So with summer approaching, ready to expunge sweat from heretofore unknown pores, I watched Rohmer’s The Green Ray (1986, titled Summer in the U.S.) in my un-air conditioned apartment on a 90 degree day. Delphine (Marie Rivière) is planning a vacation to the Greek isles when her friend backs out two weeks before departure. Scrambling to find an alternate getaway, she gloms on to another friend’s trip to Cherbourg.

This begins a frustrating, lonely journey as Delphine bounces from resort town to resort town, each densely populated sun-dappled spot making her feel more alone than the last. She refuses to mask her pain with play-acting or empty flirtations, holding firm to her ideal of romantic love. Her interest in superstitions and the supernatural is curiously stoked by the fortuitous appearance of green playing cards and a mention of Jules Verne’s novel The Green Ray. She senses a pattern in these shades (the kind of game playing one is used to seeing in Rivette), which leads her to embrace the spirit of the Rimbaud epigram that begins the film: “Let the moment come/When hearts will be one.” (“Song From the Tallest Tower”, translated by Wyatt Mason)

For most of the movie though, her attitude resembles the second stanza in the poem:

Just say: let go,

Disappear:

Without hope

of greater joy.

Let nothing impede

August retreat

Delphine would like nothing more than to disappear. The three fulcrums of the story are her walks into nature, in which she’s trying to fade away. In Cherbourg, she wanders around a leafy path, stopping in front of a wooden gate. Alone with her thoughts, Rohmer cuts to a montage of tree branches swaying in the wind, before cutting back to her face. In a film that’s mostly two shots, or shot counter-shots, of people conversing, these quick cuts to empty spaces are privileged, emphasizing her oppressive solitude. She cries in close-up. Unable to disappear, she leaves town instead – and the second shot finds her strolling through the Alps, pausing to graze her hand against the hard-packed snow. In a rare long shot, her silhouette is visible against the backdrop of craggy peaks, her tears elided. She cuts her visit short, and soon finds herself in Biarritz, strolling down a stone staircase in a red poncho, hoping to find some kind of peace by the caves – but the tide is high. In an interview on the DVD, Rohmer calls this her “descent into hell”.

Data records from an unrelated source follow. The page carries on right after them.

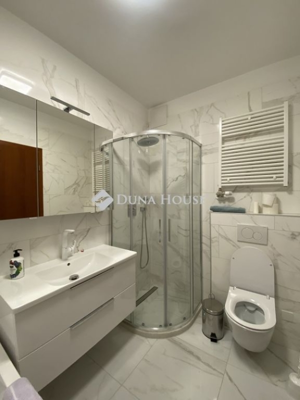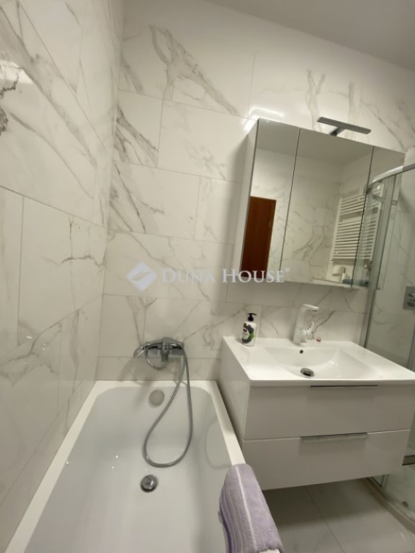 Fürdő: kád és zuhanyzó, Grohe és Hansgrohe csaptelepek, beépített falsíkos megoldások, masszázs- és esőztető funkciókkal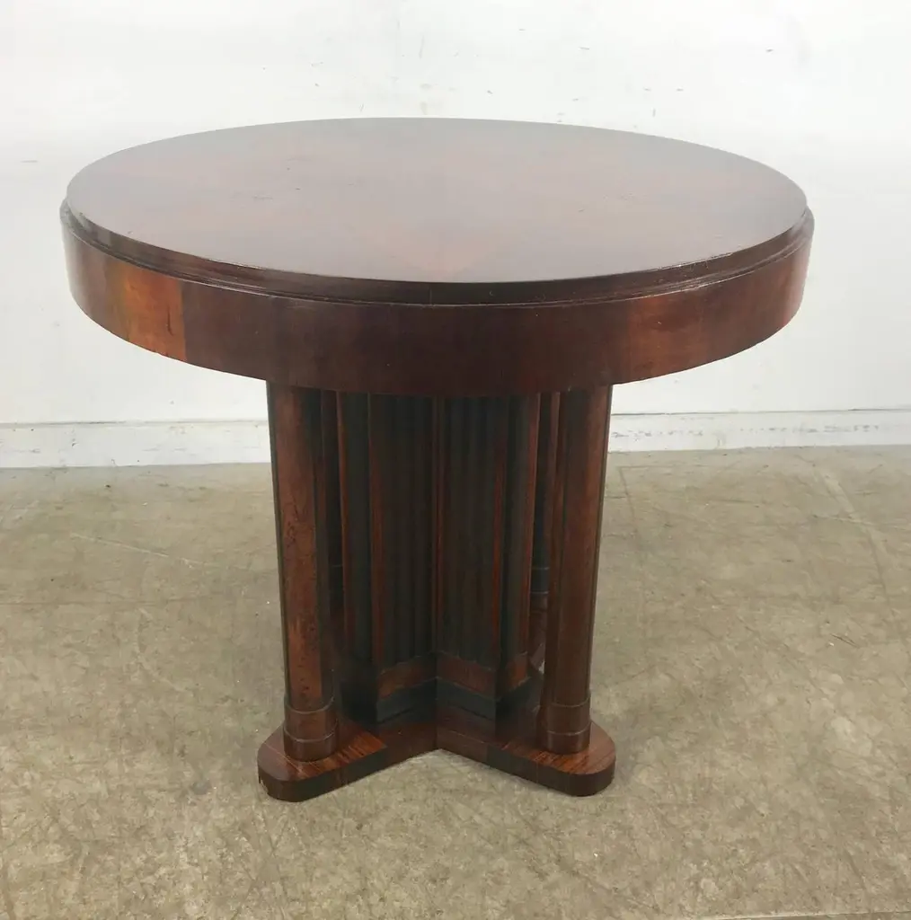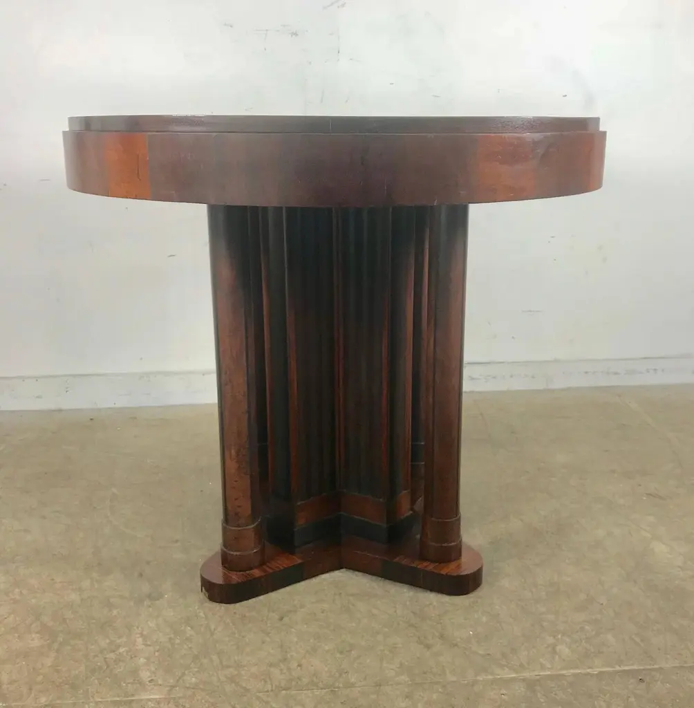 Eugene Schoen Art Deco Inlay Rosewood Columned Centre Tables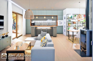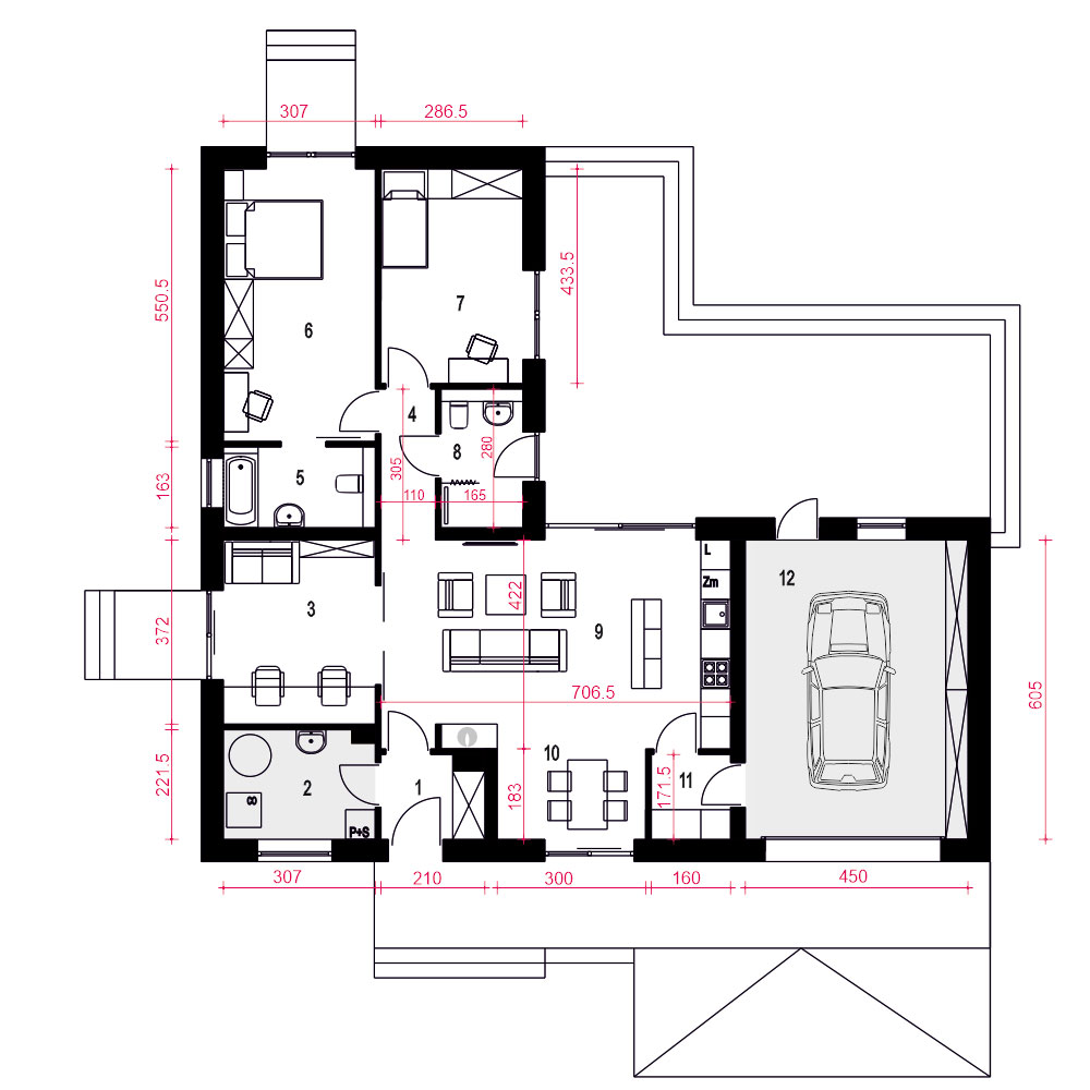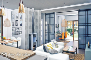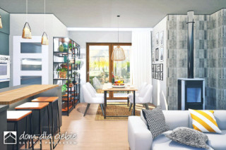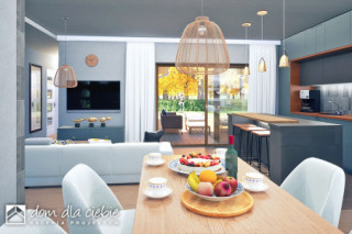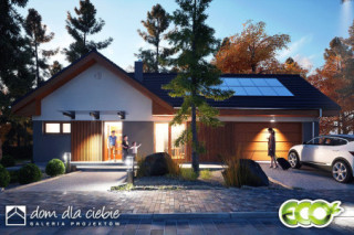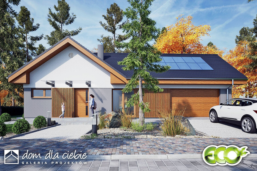 Malodia to nowoczesny dom dla 3-4 osobowej rodziny z konstrukcją murowaną z pustaków ceramicznych i prefabrykowanymi wiązarami dachowymi. Bryła budynku ma kształt litery L, otaczając wewnętrzny ogrodowy dziedziniec. Wejście od frontu prowadzi przez wiatrołap z przestronną szafą wnękową i do pomieszczenia technicznego. Część wspólna obejmuje salon, otwartą kuchnię i jadalnię, a także gabinet z przesuwnymi drzwiami, który po rozsunięciu zwiększa przestrzeń salonu. Korytarz prowadzi do sypialni i wspólnej łazienki z natryskiem, a duża sypialnia ma własną łazienkę z wanną. Za kuchnią znajduje się przejściowa spiżarnia prowadząca do dużego garażu. Z salonu, jadalni, gabinetu i sypialni można bezpośrednio wyjść na tarasy, łącząc wnętrze z otoczeniem. W wspólnej łazience z drzwiami tarasowymi można korzystać w letnie dni, zwłaszcza z basenu zewnętrznego w ogrodzie. Elewacja budynku łączy drewno z eleganckimi detalami w bieli i szarości, a ciemnoszary dach nadaje mu wyrazistego charakteru. Ogród wokół domu dodaje wyjątkowego uroku.fundamenty: BETONOWE ściany zewnętrzne: POROTHERM+STYROPIAN TERMO ORGANIKA ściany wewnętrzne: POROTHERM rodzaj stropu: DREWNIANY, MITEK elewacje: TYNK STRUKTURALNY, OKŁADZINA DREWNOPODOBNA pokrycie dachu: DACHÓWKA CERAMICZNA

Rohmer uses splashes of red throughout the movie – on Delphine’s bag, a suitor’s sweater, a Cherbourg dress – and finally ending in the poncho – marking her lowest point. While the reds spiral downward into despair, the greens offer a way out. She finds a green-backed Queen of spades on the streets of Paris, a green ad for a seance  that reads,”Regain contact with yourself and others…”, and a green-backed King of Hearts. She even mentions that a medium told her that green would be her color for the year. Finally, she overhears an older group of tourists discussing Jules Verne’s The Green Ray, in which she hears that the final ray of light the sun emits before sinking below the horizon is green. It is only visible on perfectly clear days, and according to Verne, a Scottish legend claims that:

“this ray has the virtue of making him who has seen it impossible to be deceived in matters of sentiment; at its apparition all deceit and falsehood are done away, and he who has been fortunate enough once to behold it is enabled to see closely into his own heart and read the thoughts of others.”

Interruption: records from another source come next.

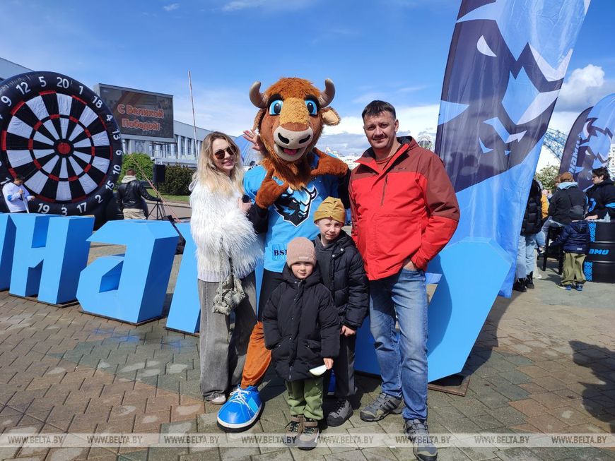Самые активные и спортивные обязательно задерживаются у площадки хоккейного клуба "Динамо-Минск". Здесь предлагают попробовать себя в этом виде спорта.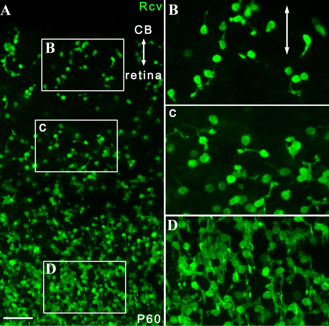 equals 50 μm. Abbreviations: ciliary body (CB); recoverin (Rcv).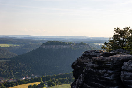 Sunset casts a warm glow over the Elbe Sandstone Mountains on Königstein Fortress as seen from Lilienstein. The landscape features lush greenery and serene valleys, creating a breathtaking natural panorama.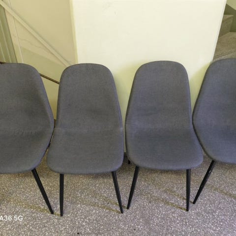 Säljer 4 st moderna och bekväma matstolar i grått tyg med svarta ben.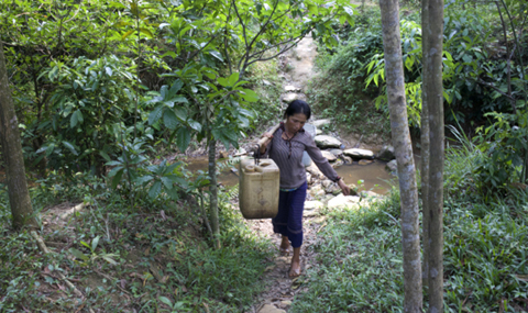 Nồi nước được đó có màu vàng vàng và mùi hơi hôi. Lau rửa cho con xong, chị dùng chỗ nước ấym chắt chiu tưới cho mấy gốc bí trước nhà. Mỗi gốc một ca nhỏ. Xong xuôi, chị vào bếp lấy hai chiếc xô và can nhựa tất tả vượt hơn 1km tới một khe suối nhỏ, nước màu vàng đục. Quãng đường quá dài cho 4 lần lấy nước mỗi ngày.

Helena Campbell, the heroine of The Green Ray, refuses to marry the pretentious knob Aristobulus Ursiclos until she sees the ray and understands her own heart. Rohmer clearly pulled some aspects of Delphine from Helena. Verne again:

“De Maistre has said, “there are in me two beings: myself and another.” The “myself” of Miss Campbell was a serious, reflecting being, looking upon life from the point of view of its duties rather than its rights. The “other” was a romantic being, somewhat prone to superstition…”

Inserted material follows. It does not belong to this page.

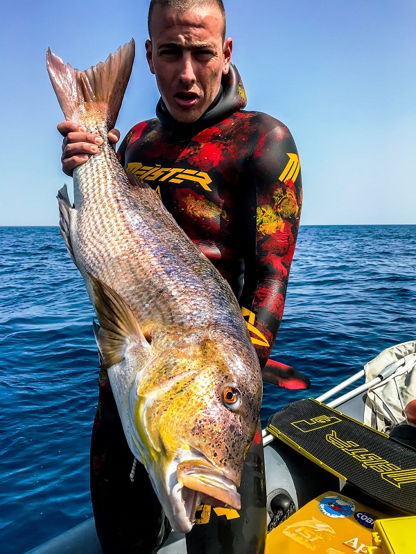Ο Δ. Αδάμης με την τεράστια συναγρίδα στο σκάφος του. Ανδριώτης ερασιτέχνης ψαράς, είναι εδώ και λίγες μέρες ο κάτοχος του παγκόσμιου ρεκόρ, αφού κατάφερε να εντοπίσει σε βάθος 34 μέτρων στη θάλασσα, μια συναγρίδα 12,9 κιλά (!), να την πετύχει με ψαροντούφεκο και να «την φέρει επάνω»!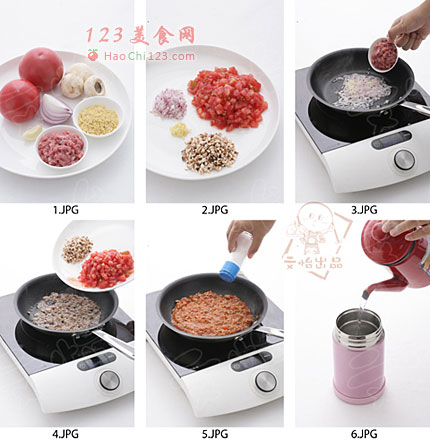 2、用焖烧杯做意面,是为了方便带孩子出门的妈妈们,提前在家把意面酱做好带着,再用焖烧杯焖熟意面,这样意面是热的,拌上酱温度正好,很适合宝宝外出吃。

Along with this similarity of temperament, they share a fractured itinerary. Helena forces her two Uncles to travel from isle to isle, in order to find the perfect sea horizon to view the ray which Aristobulus keeps clumsily blocking. They are constantly on the move. Delphine is on her own jagged path, seemingly more out of lassitude than romantic intensity, but both girls end up searching out the ray for a kind of transcendent self-determination.

Delphine encounters a series of Ursicloses along the way, from the strapping and shirtless to the meek and leather-jacketed. She dismisses them all with skittish indeterminacy, running away rather than causing a scene. It is only when exhausted in body and soul, collapsed in a molded plastic seat at the Biarritz train station, that she opens herself up, as open as her copy of Dostoyevsky’s THE IDIOT (and she very well may aspire to Prince Myshkin’s absolute lack of self-regard and Christ-like innocence…she at least relates to his rejection by society).

An exchange of looks with a cabinet-maker leads her to an impulsive jaunt to  St. Jean de Luz, where she passes the gift shop “Le Rayon Vert” (The Green Ray), until  she settles on a bench with her man and tries to answer a question. She’s just waiting for the light…

The beauties of this final sequence ought not be put in words (or I’m not the one who’s capable), as it captures the moment “when hearts be one” with a joyfulness and lack of artifice that would make Rimbaud and Myshkin weep. I’ll let Jules Verne and Rohmer have the last act:

Helena felt instilled with new life as she inhaled the fresh breezes; her beautiful, clear eyes sparkled with health as she gazed on the rippling waters of the Atlantic stretching far and wide, and her pale cheeks were faintly tinged with pink. How lovely she looked! And how charming her whole appearance! Oliver Sinclair walked a little way behind, and regarded her in silence; he who had often accompanied her in her long walks without the slightest embarrassment, now scarcely dared look at her for the wild throbbing of his heart!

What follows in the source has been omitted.